Seorang pemimpin perlu memiliki sikap bertanggung jawab dan membuktikan diri sebagai pemimpin yang bertanggung jawab. Yacob Tomatala menuliskan dua faktor penting dalam mewujudkan diri sebagai pemimpin yang bertanggung jawab, yaitu:

Pertama, Pemimpin yang bertanggung jawab adalah pemimpin yang memikul tanggung jawab dengan sadar. Di sini orang Kristen dengan penuh kesadaran memikul tanggung jawab atas tugas yang dipercayakan kepadanya.

Kedua, Pemimpin yang bertanggung jawab adalah pemimpin yang mengambil tanggung jawab pemimpin, orang Kristen harus secara pasti dengan penuh kesadaran tanggung jawab kepemimpinan untuk seluruh tugas dan orang yang dipercayakan kepadanya. Di sini tidak menggunakan gaya mencuci tangan ala Pilatus, tetapi ia sepenuhnya mengambil tanggung jawab, ia bukan saja sadar bahwa kepadanya telah dipercayakan tanggung jawab, tetapi ia mengambilnya secara teratur dan menunjukkan sikap dalam kinerja yang aktif. 

Jadi, seorang pemimpin sejati adalah seorang yang penuh rasa tanggung jawab. Pemimpin yang bertanggung jawab adalah pemimpin yang memikul, menerima dan mengambil tanggung jawab dengan penuh kesadaran untuk tugas dan orang yang telah dipercayakan Tuhan kepadanya dan bukan seorang yang menghindari tanggung jawab. Sikap tanggung jawab seorang pemimpin terlihat dari kesediaannya menerima segala resiko (akibat, tantangan, dan kesulitan) dari tugas yang telah dipercayakan kepadanya, dan melaksanakan tugas dengan penuh rasa tanggung jawab.
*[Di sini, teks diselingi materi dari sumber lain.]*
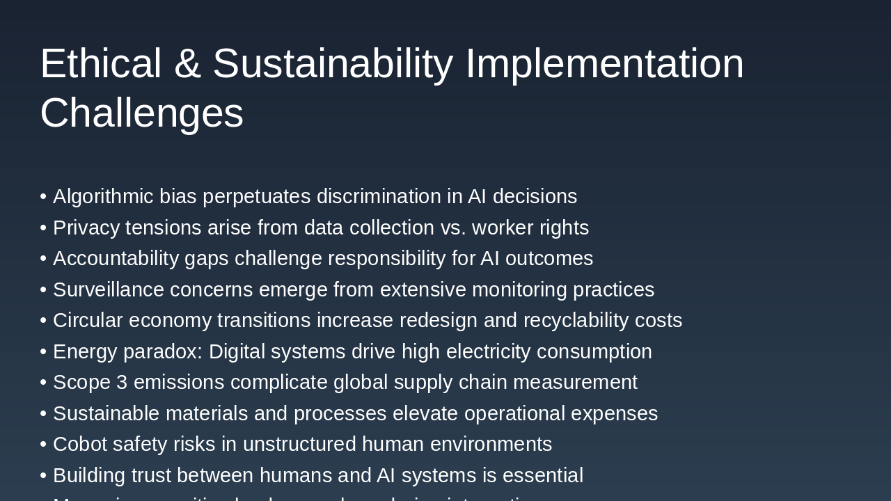 ## SLIDE 8: Industry 5.0 Challenges - Ethical & Sustainability Complexities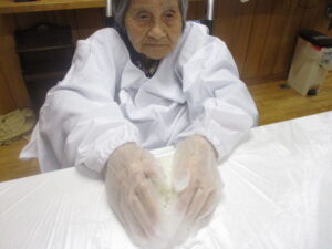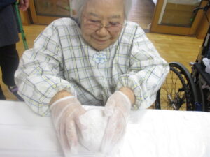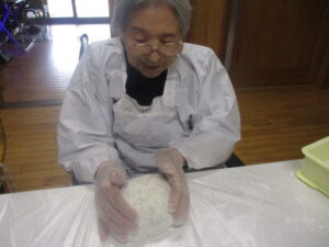 餅つきの後は、餅を丸めていきます(*´▽`*)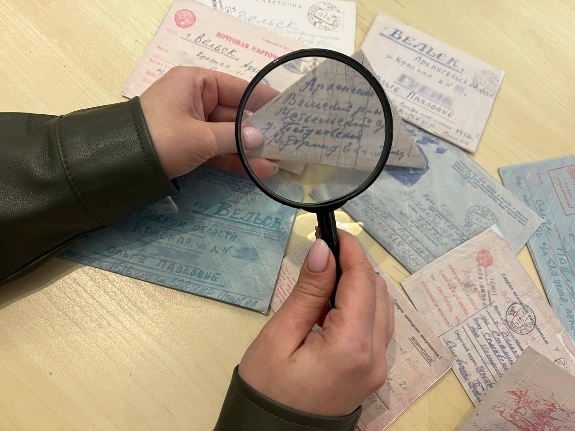 Занятие позволит подробно изучить разновидности писем, которые приходили с фронта в годы Великой Отечественной войны в город Вельск. Участники смогут изучить точные копии писем, познакомиться с их особенностями, узнать, чем отличаются почтовые карточки от писем-секреток, почему письма приходили не только в типографских конвертах, но и в самодельных, куда нужно было прийти в городе, чтобы отправить письмо на фронт, кто такой цензор и в чем заключалась его работа.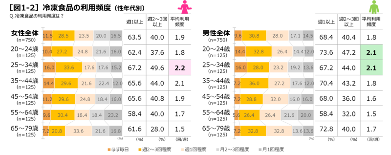 普段から冷凍食品を「月1回以上」利用している20歳以上の男女1,500人(各750人ずつ)に聞きました。冷凍食品の利用頻度は全体で「週2~3回程度」が29.7%、「週1回程度」が25.7%となり、平均回数は1.8回/週となりました[図1-1]。属性別に見ると、女性の63.5%、男性の68.4%が「週1回以上」利用し、平均回数は女性が1.9回/週、男性が1.8回/週でした。また、女性の25〜34歳が平均2.2回/週、男性20〜24歳と男性25〜34歳が平均2.1回/週など、若い世代において冷凍食品の利用頻度が高い傾向がうかがえます[図1-2]。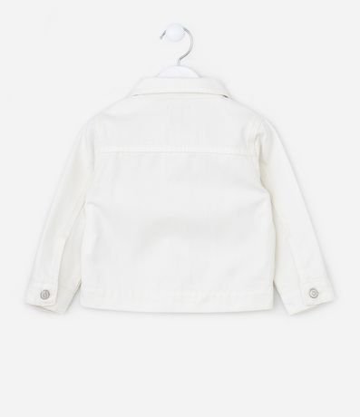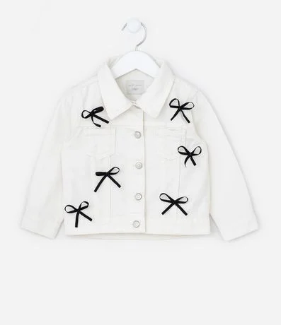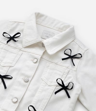 Ref: Jaqueta infantil em jeans, com gola colarinho, manga longa, fechamento por botões e detalhe de lacinhos contrastantes aplicados na frontal. A peça é confeccionada com boas práticas ambientais e algodão certificado bci.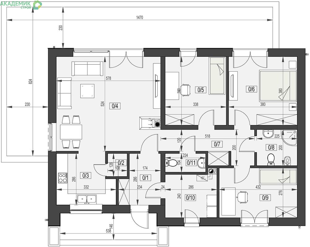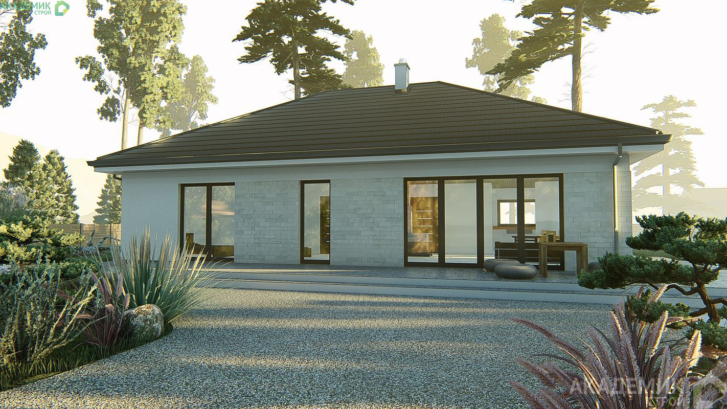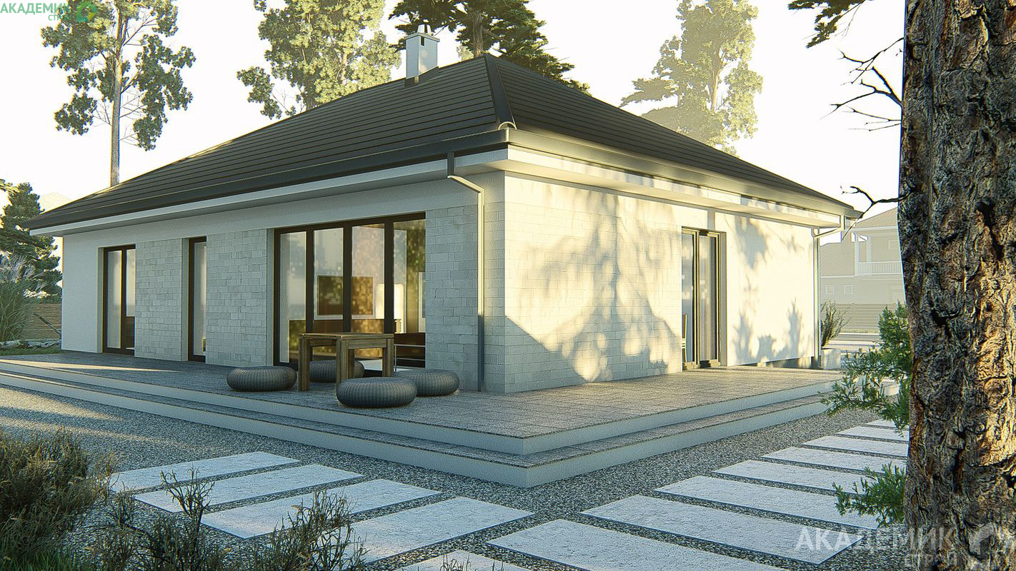 Многие при выборе дома обращают особое внимание на внешний вид и особенности крыши. Для одноэтажного дома «Академик Строй» разработал сложную конструкцию крыши двускатного и вальмового типа с углом наклона 30°. Такой дизайн придает дому особую выразительность и визуальную легкость.
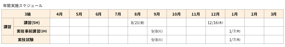 3級【WEB】 講習 8月21日(金) / 事前講習・実技試験 9月8日(火)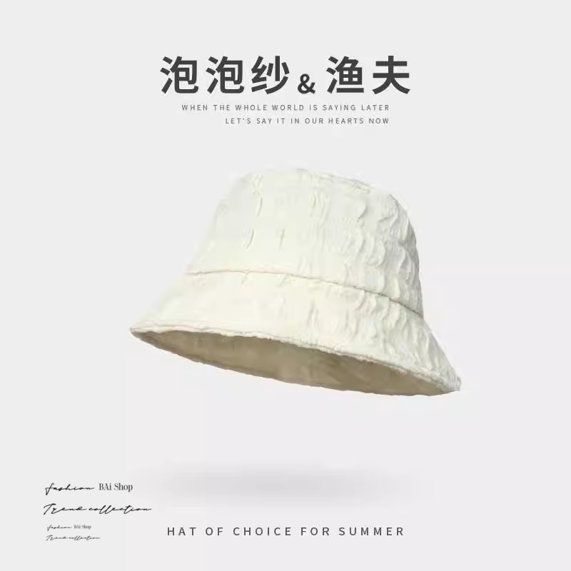 BAi白媽媽 泡泡紗漁夫帽/防曬帽 遮陽帽-【356137】米白(01)|黑(02)BAi白媽媽 品牌旗艦店

3. Pemimpin yang Sukarela (I Petrus 5:2)

Sesuai dengan kehendak Allah adalah kemungkinan untuk menterjemakan kata Yunani Τηον (Theon). Kemungkinan lain untuk mengartikan kata tersebut adalah seperti perbuatan Allah sendiri mengingat akan tugas Gembala jiwa seperti yang dikatakan dalam pasal 2: Dengan sukarela εκοσιως (ekosios). Menurut Kamus Besar Bahasa Indonesia Sukarela adalah dengan kemauan sendiri, dengan relah hati; atas kehendak sendiri, tidak karena diwajibkan. 

Jadi, seseorang yang bekerja dengan sukarela adalah orang yang bekerja dengan kemauannya sendiri bukan karena paksaan atau bukan karena suatu hal yang diwajibkan. Orang yang bekerja dengan sukarela disebut dengan sukarelawan. Karena seseorang bekerja atas kehendak diri sendiri, apa pun resikonya ia harus siap terima dengan lapang dada. Inilah yang dilakukan Yesus dalam menjalankan tugas yang diberikan Bapa kepada-Nya. Yesus menjalankan tugas-Nya dengan sukarela bukan dengan paksaan. Bahkan Yesus menyerahkan nyawa-Nya dengan sukarela.

J. Verkuyl memberikan penjelasan tentang bagian ini. Allah Bapa mengasihi Yesus, oleh karena kerelaan-Nya menyerahkan nyawa-Nya untuk keselamatan domba-domba-Nya, dan bukan karena terpaksa, tetapi karena kesukaan-Nya. Yesus tidak dipaksa mati, tetapi karena dengan sukarela menyerahkan nyawa-Nya. 

Ia berkuasa untuk menyerahkan nyawa-Nya dan berkuasa pula mengambilnya kembali, itulah rahasia kematiaan-Nya. Tugas itulah yang dilakukan-nya. Sebab itu, Ia bebas terhadap kuasa dosa, iblis, dan maut. Yesus tidak mati sebagai hamba dosa, melainkan sebagai utusan Allah yang berbuat demikian dengan sukarela untuk membebaskan umat-Nya. 

Allah memberikan tugas yang paling mulia bagi para gembala sebagai pemimpin, jadi, setiap gembala sebagai pemimpin harus melaksanakan tugas pelayanannya dengan sukarela bukan dengan paksaan. 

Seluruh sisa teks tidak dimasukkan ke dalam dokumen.